The dire consequences of tests for linearity

rstats
rms
type 1 error
nonlinearity
This is a tale of the dire (type 1 error) consequences that occur when you test for linearity 😱
Author

Lucy D’Agostino McGowan

Published

February 18, 2017

This is a tale of the dire type 1 error consequences that occur when you test for linearity.

the scream

Edvard Munch’s The Scream (1893), coincidentally also the face Frank Harrell makes when he sees students testing for linearity.

First, my favorite explanation of type 1 error 🐺:

We generally fix (or claim to fix) this type 1 error at 0.05, but sometimes our procedures can make this go awry!

I’ve prepared a very basic simulation.

Here’s my simulation code (run it yourself!):

hank you Pua Yong Hao for pointing out a typo in the original version of this function – it has been updated!

library('rms')

sim <- function(wrong = TRUE){
#generate completely random data
y <- rnorm(100)
x <- rnorm(100)
#fit a model with a restricted cubic spline
mod <- ols(y ~ rcs(x))

if (wrong == TRUE & anova(mod)[2, 5] > 0.05){
  #if the test for non-linearity is not "significant", remove nonlinear terms
  mod <- ols(y ~ x)
} 
 #save the p-value
 anova(mod)[1, 5]
}

[Type 1 error when removing non-significant nonlinear terms]

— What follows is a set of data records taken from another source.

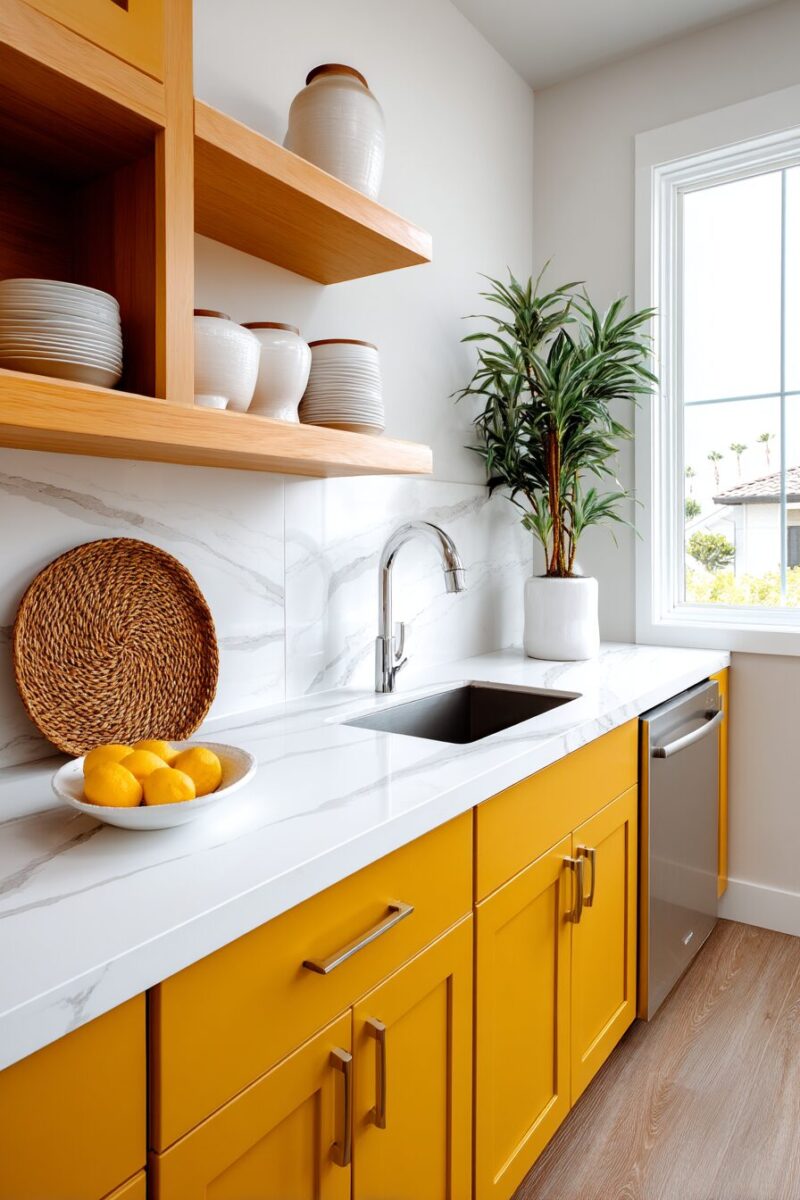 Wood elements like open shelving or a butcher block island introduce natural materials that complement mustard’s earthy undertones perfectly.
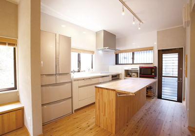 かねてより健康に配慮した住まいをと考えていたH様ご夫妻。定年後の生活を充実させるため、1階部分を全面リフォームされました。和室を撤去して生まれた広いLDKには自然素材を用い、床にはカラマツの無垢材を、調湿効果を期待して壁はシラス塗りで、天井には土佐和紙を採用。自然感いっぱいの木の香りが漂うここちよい空間となりました。たっぷりの収納を設けた寝室は1階のリビングの隣に移し、トイレへの動線も短縮。引戸を開ければベッドからリビングのテレビが見られる、使い勝手のよい仕掛けになっています。
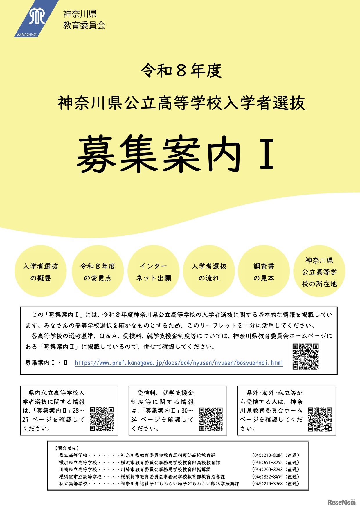 神奈川県教育委員会は2025年7月1日、2026年度(令和8年度)神奈川県公立高等学校入学者選抜について、「募集案内I」と「募集案内II」を公表した。「募集案内I」には入学者選抜に関する基本的な情報を掲載。「募集案内II」には、各高校の選考基準やQ&A、受検料、就学支援金制度等について掲載している。

test <- replicate(10000, sim()) 
cat("The type 1 error is", mean(test <= 0.05))
The type 1 error is 0.0812

Uh oh! That type 1 error is certainly higher than the nominal 0.05 we claim!

[Type 1 error when not removing non-significant nonlinear terms]

We would expect the type 1 error to be 0.05 – I perform the same simulation omitting the step of removing non-significant nonlinear terms and calculate the type 1 error again.

test <- replicate(10000, sim(wrong = FALSE))
cat("The type 1 error is", mean(test <= 0.05))
The type 1 error is 0.0501

Much better 👯

The conclusion: fit flexible models - skip the tests for linearity!

This has been elegently demonstrated by others, check out Grambsch and O’Brien.